Exercise instructions:
With the pictures removed, the data below must be transcribed in full and exactly.

[Stored records]
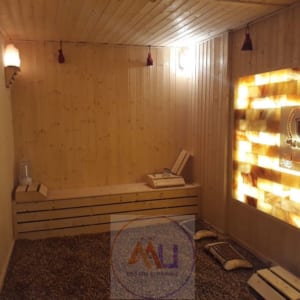 Phòng xông hơi khô gỗ thông sử dụng đất hoàng thổ – đất sét bi nhỏ kết hợp đá muối, giúp cơ thể đào thải độc tố, ngăn ngừa lão hóa, giảm đau nhức xương khớp, tốt cho hệ tuần hoàn, hô hấp, lưu thông máu, tăng cường hoạt động của não bộ, giúp ngủ ngon hơn.
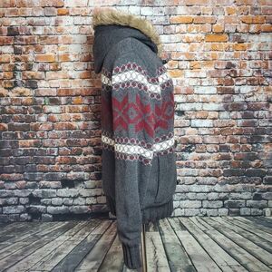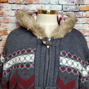 This is a new with tags I. Jeans by Buffalo thick sweater jacket with quilted lining and hood with faux fur. Has zipper with toggle buttons. Can be unisex but please read ALL measurements carefully. Measurements are apx.
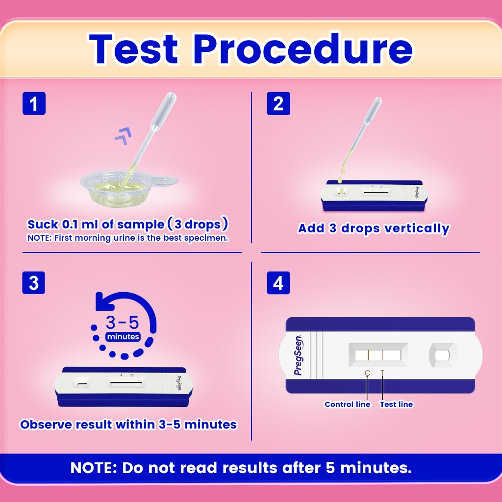 3 Tests/Box PREGSEEN Early Pregnancy Test Kit HCG Cassette Tests 99.99% Accuracy Pregnancy Strip
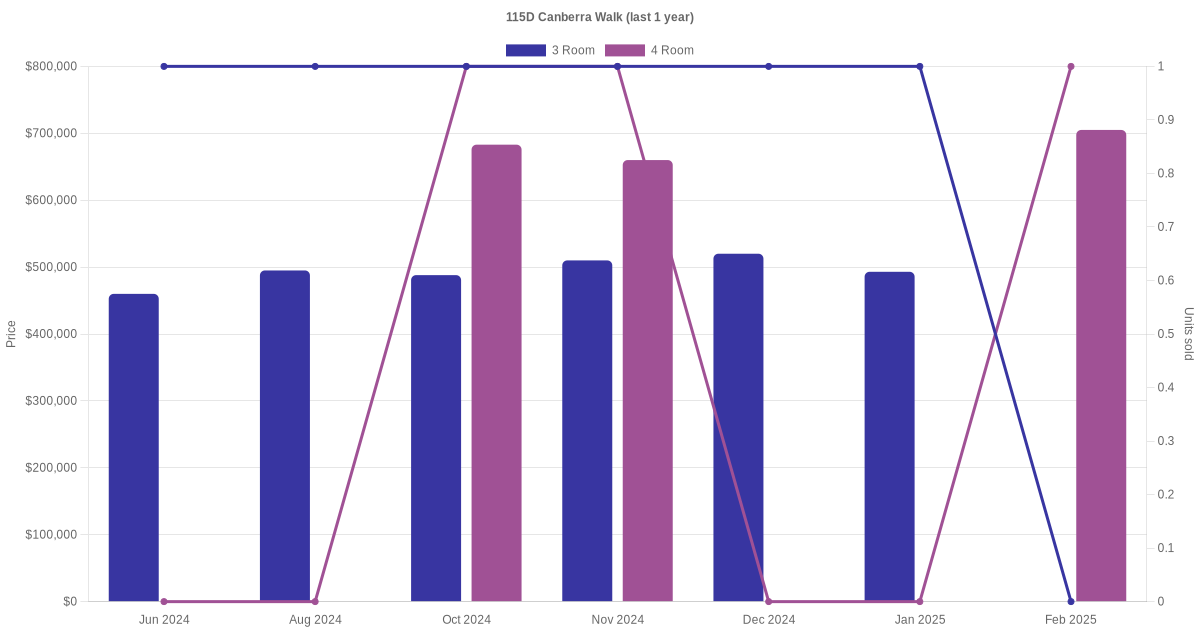 Below is a quick summary of the resale transactions volume and average price trends for the 3 room and 4 room units at 115D Canberra Walk.
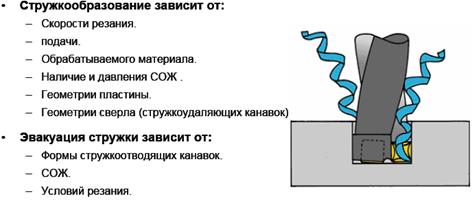 Рис. 37 Стружкообразование при сверлении. Типичные проблемы, возникающие при сверлении отверстий.
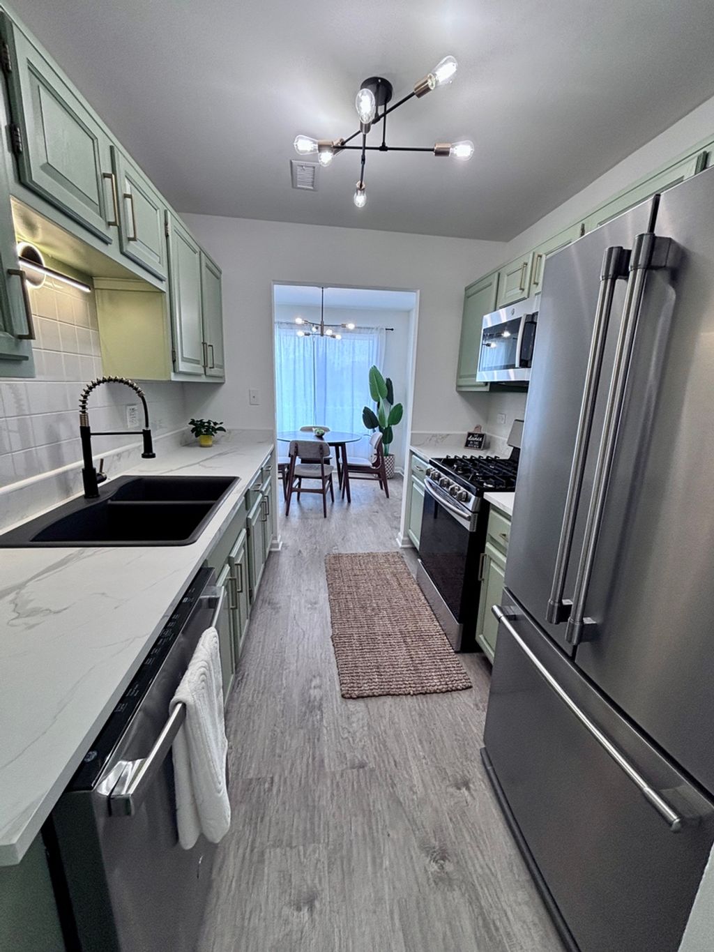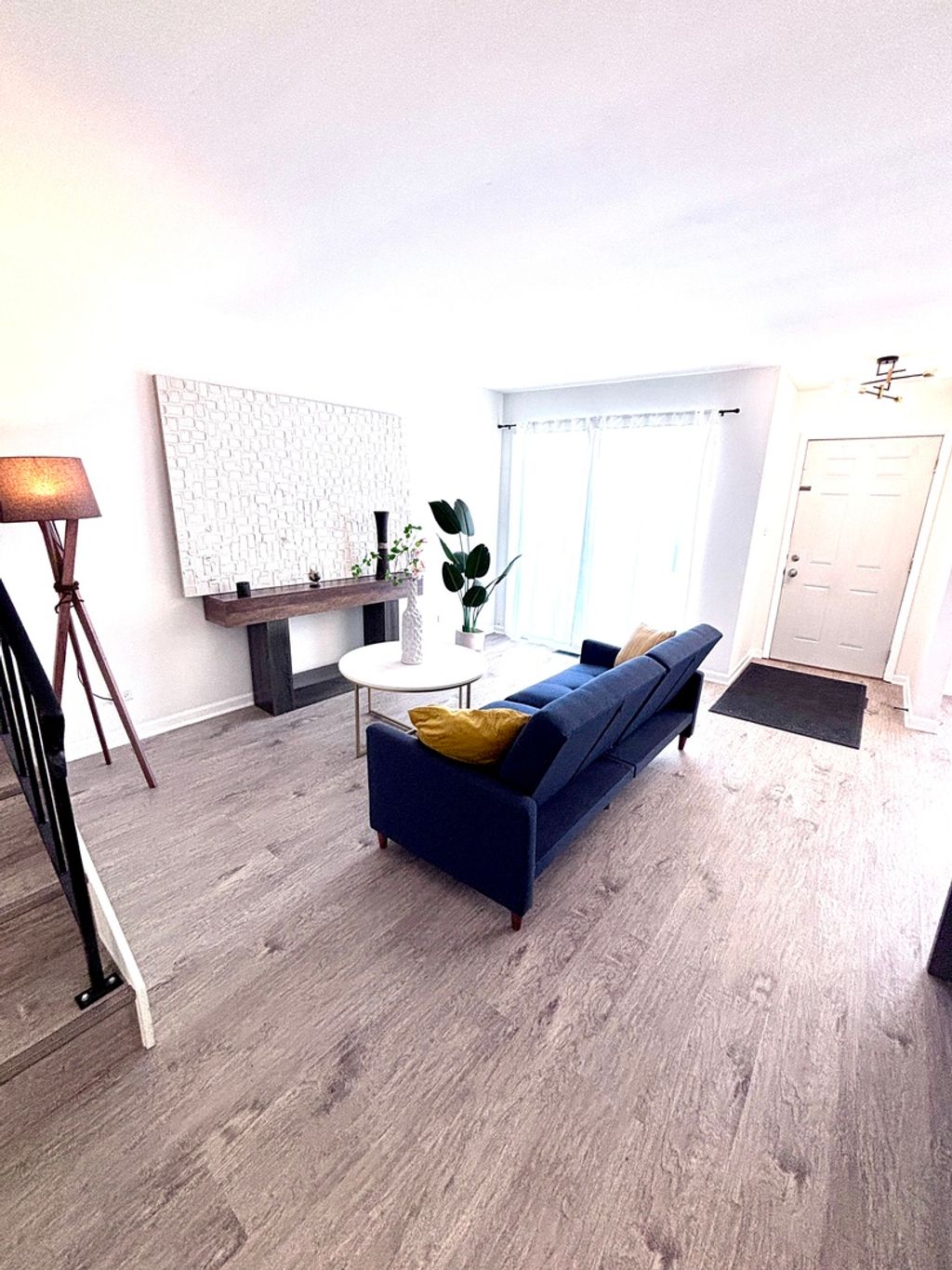 Beautifully updated two story townhome with the comfort and privacy of a single-family home! This bright and spacious 3-bedroom, 1.5 bath gem features large windows that fill the space with natural light, and a generous fenced-in patio. Inside, enjoy modern upgrades throughout: newer stainless steel appliances, newer in-unit washer and dryer, luxury vinyl plank flooring, fresh paint, stylish light fixtures, and new window treatments. The bathrooms have been refreshed with two new vanities and light fixtures, while the updated kitchen boasts a sleek, modern design. Newer roof & siding. Located in a well-maintained subdivision with great amenities including a pool and party room, this home offers comfort, convenience, and community. Nothing to do but move in and enjoy!
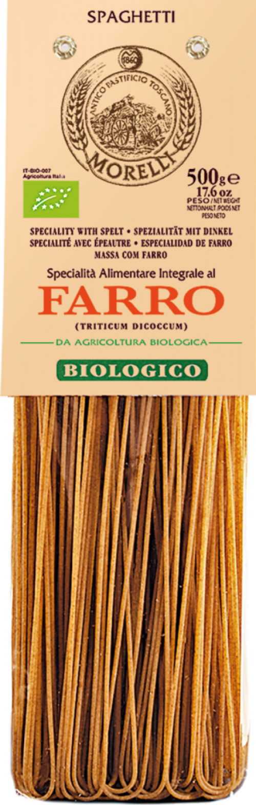 A Morelli BIO tönkölybúza spagetti egy kiváló minőségű olasz tészta, melyet prémium alapanyagokból készítenek.
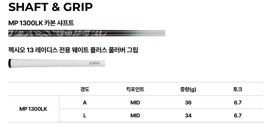 젝시오13 드라이버는 심미적으로 고급스러운 펄화이트와 스트로베리 레드 컬러의 포인트를 준 것이 특징입니다. xxio13 드라이버 샤프트 선택은 A와 L 스펙으로 구분됩니다. MP1300 LK 카본 샤프트와 전용 웨이트 플러스 그립을 사용합니다. 젝시오 13 레이디스 클럽 중량은 A 스펙과 L 스펙이 상이합니다.
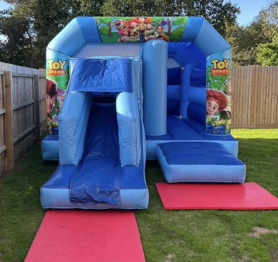 Take your party to infinity and beyond with our Toy Story Front Slide Bouncy Castle! This colourful inflatable stars Woody, Buzz Lightyear, Jessie and all their pals — perfect for sparking imagination, big grins and just the right amount of bouncy chaos. Ideal for birthday parties, school fairs, playdates and family celebrations, the front slide adds a cheeky extra thrill for kids who want a quick zoom after a bounce-off.

Solution below:
 Phòng xông hơi khô gỗ thông sử dụng đất hoàng thổ – đất sét bi nhỏ kết hợp đá muối, giúp cơ thể đào thải độc tố, ngăn ngừa lão hóa, giảm đau nhức xương khớp, tốt cho hệ tuần hoàn, hô hấp, lưu thông máu, tăng cường hoạt động của não bộ, giúp ngủ ngon hơn.
 This is a new with tags I. Jeans by Buffalo thick sweater jacket with quilted lining and hood with faux fur. Has zipper with toggle buttons. Can be unisex but please read ALL measurements carefully. Measurements are apx.
 3 Tests/Box PREGSEEN Early Pregnancy Test Kit HCG Cassette Tests 99.99% Accuracy Pregnancy Strip
 Below is a quick summary of the resale transactions volume and average price trends for the 3 room and 4 room units at 115D Canberra Walk.
 Рис. 37 Стружкообразование при сверлении. Типичные проблемы, возникающие при сверлении отверстий.
 Beautifully updated two story townhome with the comfort and privacy of a single-family home! This bright and spacious 3-bedroom, 1.5 bath gem features large windows that fill the space with natural light, and a generous fenced-in patio. Inside, enjoy modern upgrades throughout: newer stainless steel appliances, newer in-unit washer and dryer, luxury vinyl plank flooring, fresh paint, stylish light fixtures, and new window treatments. The bathrooms have been refreshed with two new vanities and light fixtures, while the updated kitchen boasts a sleek, modern design. Newer roof & siding. Located in a well-maintained subdivision with great amenities including a pool and party room, this home offers comfort, convenience, and community. Nothing to do but move in and enjoy!
 A Morelli BIO tönkölybúza spagetti egy kiváló minőségű olasz tészta, melyet prémium alapanyagokból készítenek.
 젝시오13 드라이버는 심미적으로 고급스러운 펄화이트와 스트로베리 레드 컬러의 포인트를 준 것이 특징입니다. xxio13 드라이버 샤프트 선택은 A와 L 스펙으로 구분됩니다. MP1300 LK 카본 샤프트와 전용 웨이트 플러스 그립을 사용합니다. 젝시오 13 레이디스 클럽 중량은 A 스펙과 L 스펙이 상이합니다.
 Take your party to infinity and beyond with our Toy Story Front Slide Bouncy Castle! This colourful inflatable stars Woody, Buzz Lightyear, Jessie and all their pals — perfect for sparking imagination, big grins and just the right amount of bouncy chaos. Ideal for birthday parties, school fairs, playdates and family celebrations, the front slide adds a cheeky extra thrill for kids who want a quick zoom after a bounce-off.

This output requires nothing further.